In this case, these topics (32) are even more sparse - also being more cleanly separated.
<br>
Afterwards, we can utilise the LDA model (classifier) to train upon these spam messages, utilising the added 32D LDiA topic vectors.

In [76]:
X_train, X_test, y_train, y_test = train_test_split(ldia32_topic_vectors, sms.spam, test_size=0.5, random_state=271828)
lda = LDA(n_components=1)
lda = lda.fit(X_train, y_train)
sms['ldia32_spam'] = lda.predict(ldia32_topic_vectors)
X_train.shape

(2418, 32)

In [79]:
round(float(lda.score(X_test, y_test)),3)

0.936

Based on the accuracy scores, 93.6% is comparable to the 94% score retrieved from the 16-D LDiA topic vectors.
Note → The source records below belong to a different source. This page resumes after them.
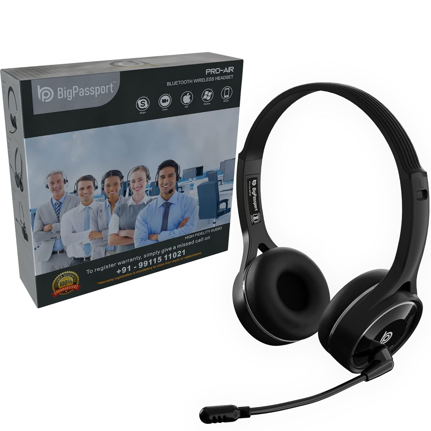 BigPassport Bluetooth Wireless Over-Ear Headset with Mic | Noise-Cancelling Headphones for Skype, Zoom, Online Meetings, Call Center, Office, PC, Laptop – Pro-Air_Bp30 (Black)
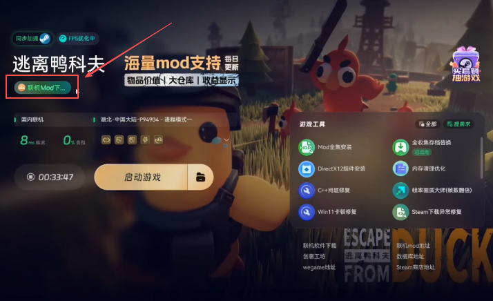 接下来,回到奇游加速工具,找到“Mod下载”区。
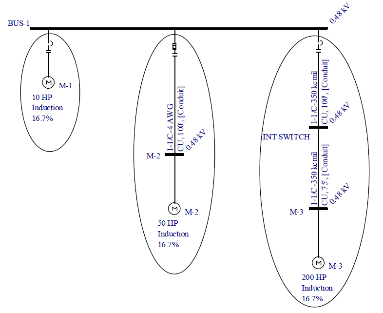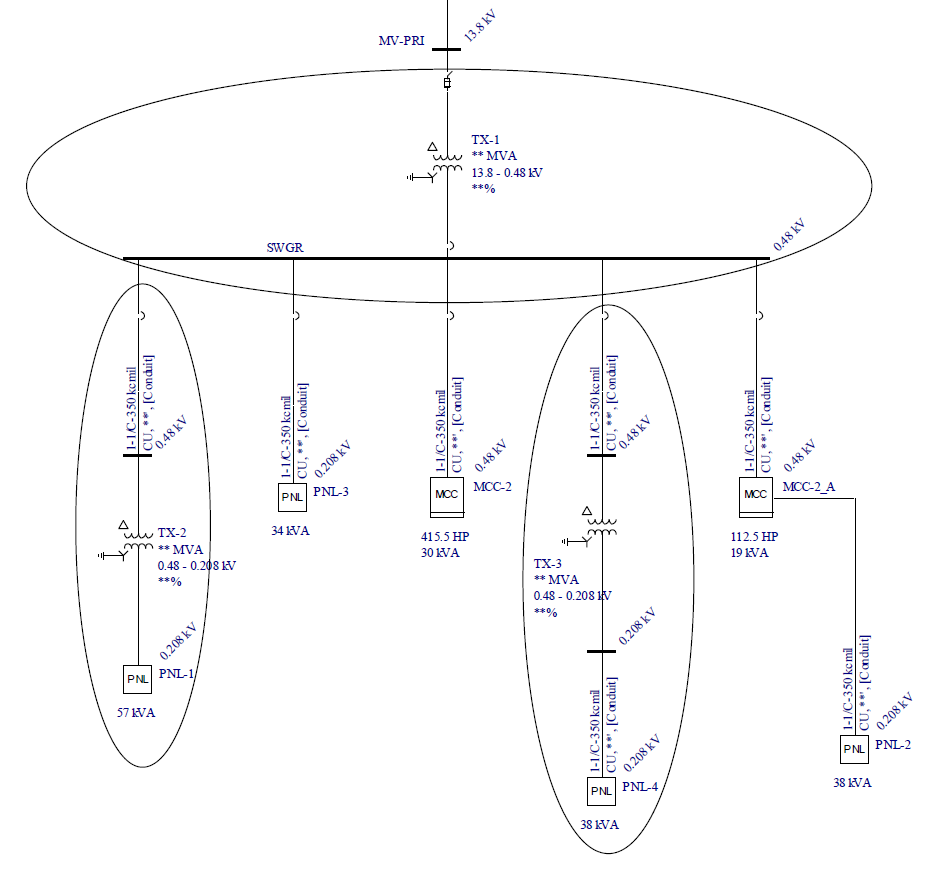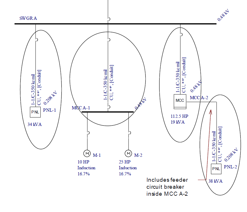 Circuito Alimentador: Um circuito alimentador é caminho entre um ponto de distribuição (barra) e uma carga ou entre dois pontos de distribuição (duas barras), e inclui dispositivos de proteção, cabos e barra a justante. Veja a figura abaixo para exemplos. Cada circuito de motor é identificado com uma oval. Circuitos definidos dentro de um Quadro ou CCM com carga do tipo Carga (não-motriz), são circuitos alimentadores.
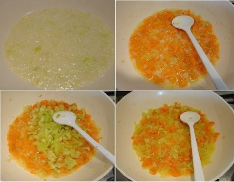 Intre timp, pregatim umplutura. Curatam ceapa si o taiem in cubulete mici. Prajim ceapa in ulei. Adaugam morcovii curatati si taiati marunt. Prajim putin legumele, apoi adaugam ardeii grasi tocati marunt. Mai prajim legumele timp de cateva minute.
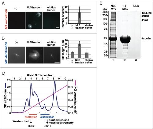 Figure 2. The pure NLS fraction is valuable to investigate the mechanisms of spindle assembly and function. (A) Microtubule (MT) nucleation induced by the NLS fraction. The Xenopus NLS fraction or elution buffer was concentrated ∼10 times and dialyzed to the dialysis buffer. The fractions were incubated in the depleted extract containing Cy3-labeld tubulin, and fixed on coverslips. Number of asters was counted in 10 randomly selected fields with 40x objective. Error bars, SD from 3 independent experiments. Scale bar, 20 μm. (B) MT stabilization induced by the NLS fraction. The concentrated, dialyzed fractions were incubated in the depleted extract containing centrosomes, Cy3-tubulin, and anti-TPX2 antibody that inhibits the MT nucleation shown in A. Samples were fixed, spun down on coverslips, and mounted. MT length of centrosomal asters was quantified.8 Error bars, SD from >20 asters. n > 3 experiments. Scale bar, 20 μm. (C) The Xenopus NLS fraction was applied to Mono Q column and eluted with the salt gradient. Each fraction was dialyzed and tested as in A, showing MT nucleation activity in fraction No. 4 and 5. Western blot showed the peak of TPX2 also in the No. 4 and 5. Each fraction was tested as in B, showing MT stabilization activity in fraction No. 6 and 7. Further purification of the activity and subsequent mass spectrometry identified Cdk11.8 (D) Microtubule-associated protein (MAP) preparation from the NLS fraction. The Xenopus NLS fraction was incubated with or without taxol-stabilized pure MTs. MAPs were eluted from the MTs with high salt (0.5 M NaCl), and were analyzed by SDS-PAGE and Coomassie staining. Mass spectrometry identified new spindle assembly factors (MEL-28 and CHD4) and maintenance factor (ISWI) in the first lane.
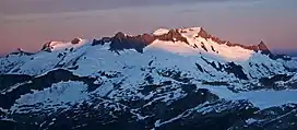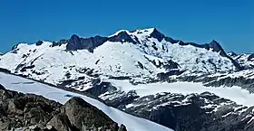 Mount Albert is a prominent 2,552-metre (8,373-foot) mountain located in the Coast Mountains of British Columbia, Canada. It is an isolated mountain situated at the head of Queens Reach of Jervis Inlet, 8 km (5.0 mi) northwest of Princess Louisa Inlet, in a remote wilderness area that few visit. Its nearest higher peak is Mount Tinniswood, 9.23 km (5.74 mi) to the north-northeast.[3] Mount Albert is set 160 km (99 mi) southeast of Mount Waddington, the highest peak of the entire Coast Mountains range. The mountain was named in 1860 by Captain Richards to honor Prince Albert of Saxe-Coburg and Gotha (1819-1861), the husband of Queen Victoria.[4] The name was officially adopted on May 6, 1924 when approved by the Geographical Names Board of Canada.[2] The first ascent was made in 1929 by Arthur Tinniswood Dalton and Percy Williams Easthope.[1]

It should be noted that 'warnings' related to collinearity issues has nothing to do with opitmisation of topics (components) under a specified topic model.
<br>
Hence, collinearity is an inherent problem within the underlying data. 
<br>
To solve such a problem, we need to add 'noise' or metadata to the SMS data as synthetic words, or remove those duplicate word vectors/pairings that happen to repeat frequently in our documents.  

***Summary***

A larger number of topics allows for more precision about the topics and generally produce topics that linearly separate better.
<br>
Yet, the performance of `LDiA + LDA` is not quite as good as the 96% accuracy of `PCA + LDA`.
<br>
Hence, PCA is keeping our SMS topic vectors spread out more efficiently - allowing for a wider gap between messages to cut with a hyperplane (decision boundary) to separate classes.
<br>
Finding explainable topics, like those used for summarisation, is what `LDiA` is good at. Also, it can do a fairly good job at creating topics useful for linear classification.